For the in vitro translation assay, the whole-cell extract was derived from cultured HEK293F cells65. The translation reactions were conducted in a total volume of 10 μL, comprising 4 μL of the HEK293F extract, 1 μL 10× Translation Buffer containing 160 mM HEPESs-KOH (pH 7.6), 100 mM Creatine phosphate, 1 mM Spermidine, 10 mM ATP, 1 mM GTP, 20 mM DTT, 800 ng/μL CKM, 600 mM KOAc, 30 mM Mg(OAc)2 and 200 μM Amino acids. The reaction mixture also included 2 U of RiboLock RNase inhibitor (ThermoFisher Scientific), 0.5 mM D-luciferin (Promega), 1 μL of either antibiotic solution or solvent (water or 10% DMSO), as specified, and 100 ng mRNA (added as a 1 μL water solution after pre-incubation of the reaction mixture with antibiotic for 5 min at 30 ˚C).
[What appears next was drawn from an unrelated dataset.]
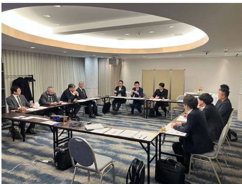
道頓堀ホテルでの令和 7 年度第 3 回魅力向上委員会の様子

令和 8 年 3 月 17 日(火)、道頓堀ホテルにおいて、第 3 回魅力向上委員会を開催しました。出席者は 12 名で、前回委員会以降の活動報告、ならびに日本金属熱処理工業会ビジョン検討委員会の報告のほか、活発な情報交換が行われました。

Following the addition of mRNA, the mixtures were transferred to a pre-heated 96-well CELL CULTER PLATE (WHB), sealed with a PCR plate seal, and incubated in the CLARIOstar plate reader (BMG Labtech) at 37 ˚C with continuous luciferase activity measurement, following established procedures66,67. Luciferase activity values were determined based on light intensities at 60 min.